With Shared Microexponents, A Little Shifting Goes a Long Way
- Bita Darvish Rouhani ,
- Ritchie Zhao ,
- Venmugil Elango ,
- Rasoul Shafipour ,
- Mathew Hall ,
- Maral Mesmakhosroshahi ,
- Ankit More ,
- Levi Melnick ,
- Maximilian Golub ,
- Girish Varatkar ,
- Lai Shao ,
- Gaurav Kolhe ,
- Dimitry Melts ,
- Jasmine Klar ,
- Renee L'Heureux ,
- Matt Perry ,
- Doug Burger ,
- Eric Chung ,
- Zhaoxia (Summer) Deng ,
- Sam Naghshineh ,
- Jongsoo Park ,
- Maxim Naumov
ISCA '23: Proceedings of the 50th Annual International Symposium on Computer Architecture |
This paper introduces Block Data Representations (BDR), a framework for exploring and evaluating a wide spectrum of narrow-precision formats for deep learning.
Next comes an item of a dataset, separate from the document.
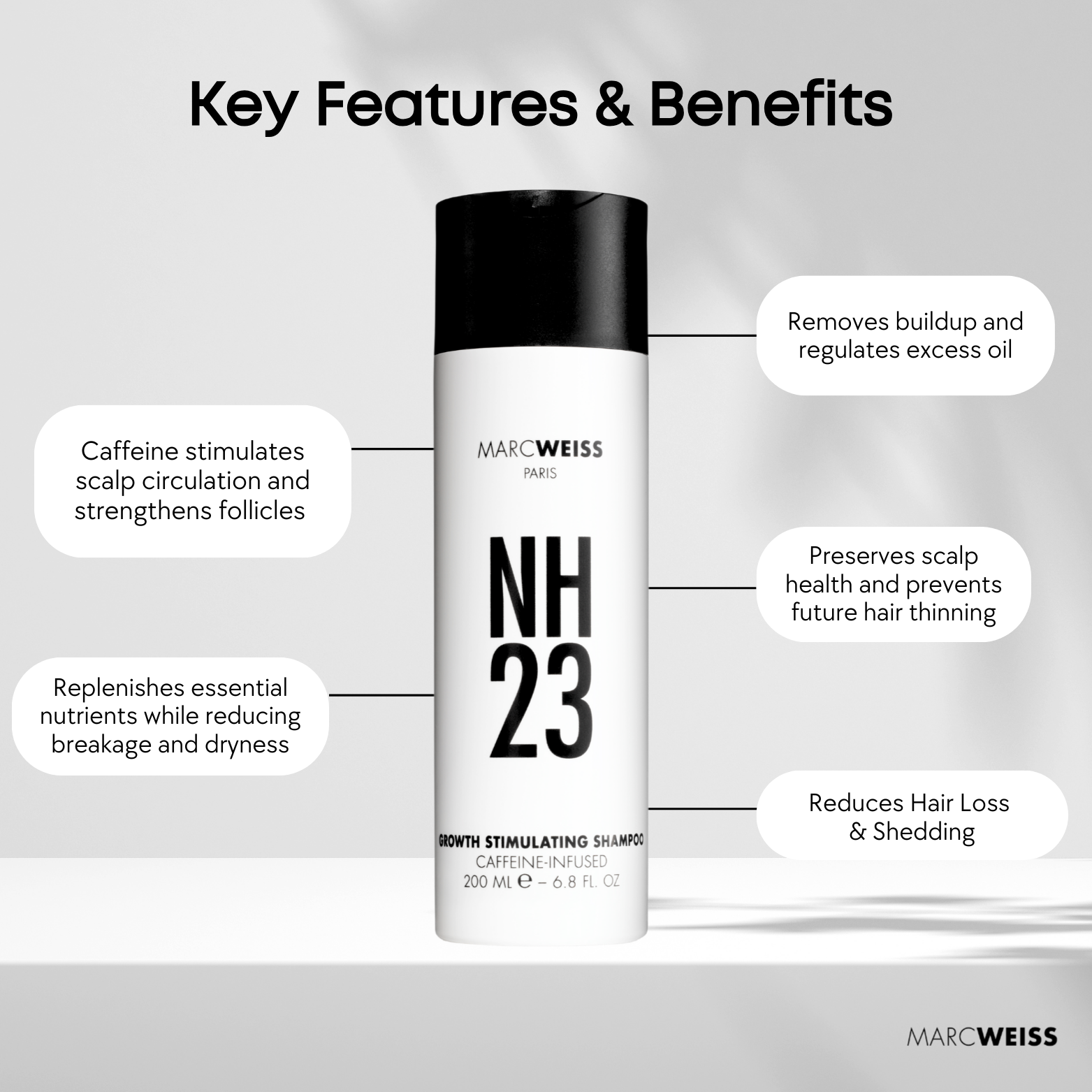 Application: For best results, apply NH23 Growth Stimulating Shampoo to wet hair, emulsify it into a rich lather, and massage it into the scalp using the MW Scalp Brush to stimulate circulation and enhance absorption. Rinse thoroughly and repeat if necessary to experience a stronger, fuller, and healthier head of hair.

It enables comparison of popular quantization standards, and through BDR, new formats based on shared microexponents (MX) are identified, which outperform other state-of-the-art quantization approaches, including narrow-precision floating-point and block floating-point. MX utilizes multiple levels of quantization scaling with ultra-fine scaling factors based on shared microexponents in the hardware. The effectiveness of MX is demonstrated on real-world models including large-scale generative pretraining and inferencing, and production-scale recommendation systems.